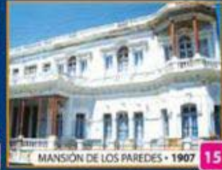
MANSIÓN DE LOS PAREDES • 1907 15
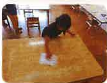
テーブルを拭いて...
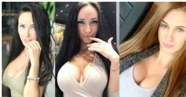
As belas mulheres russas

Mundo plural - As mulheres vítimas acabam passando aos filhos um modelo de submissão que não os ajuda a ser plenos na vida adulta. É preciso esquecer esse personagem feminino construído pela sociedade. Isso é liberador também para os homens. Existem muitos homens que apoiam o feminismo e que estão ao lado das mulheres em casa e no trabalho. E será com eles que nós construiremos um mundo plural. Com menos repressão, menos violência. A chave é a humanidade.
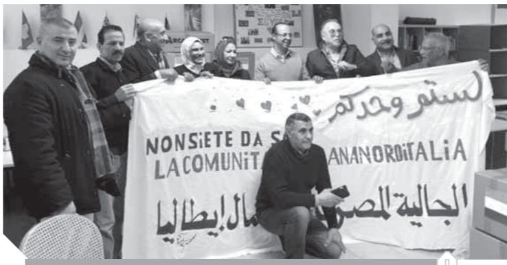
مساعداً غذائية للمصريين المحاصرين في مدينة لودي بإيطاليا

يدرس مجلس الوزراء برئاسة الدكتور مصطفى مدبولي، رئيس مجلس الوزراء، إيجاد حلول عاجلة لمشكلة التكدس أمام المعامل المركزية لوزارة الصحة من الراغبين في إجراء تحليل فيروس كورونا للسفر إلى الخارج. وأوضح وزير الصحة أنه يتم عمل الاختبار في مستشفى حميات العباسية بالقاهرة ومستشفى حميات إمبابة بالجيزة، وأن رئيس الوزراء قام بالتنسيق مع وزارة الخارجية لإرسال فريق عمل للمعامل المركزية لتوثيق الشهادات، وتولى وزارة الصحة إرسالها إلى السفارة المختصة مباشرة، وأعلنت الوزارة أن المواطن الألماني الذي توفي بفيروس كورونا يبلغ من العمر ٦٠ عاماً، وكان يعاني ارتفاعاً في درجة الحرارة عند وصوله إلى الفرقة قادمة من الأقصر، وتم وضعه في الرعاية المركزية لمماناته من قبل تنقسي ناتج عن التهاب رئوي حاد، ورفض النقل إلى مستشفى العزل، وساعات حالته حدث اضطراب في درجة وعيه، وتوفي أمس الأول، وأكد الدكتور خالد مجاهد، المتحدث الرسمي باسم وزارة الصحة، أن الحالة لم تمكث في مصر سوى ٧ أيام، من ناحية أخرى، أعلنت وزارة النقل أن وزير النقل

Task goal:
Up to and including the line with "As belas mulheres russas", copy the data above from its first line. Skip pictures.

Solution for this task:
MANSIÓN DE LOS PAREDES • 1907 15
テーブルを拭いて...
As belas mulheres russas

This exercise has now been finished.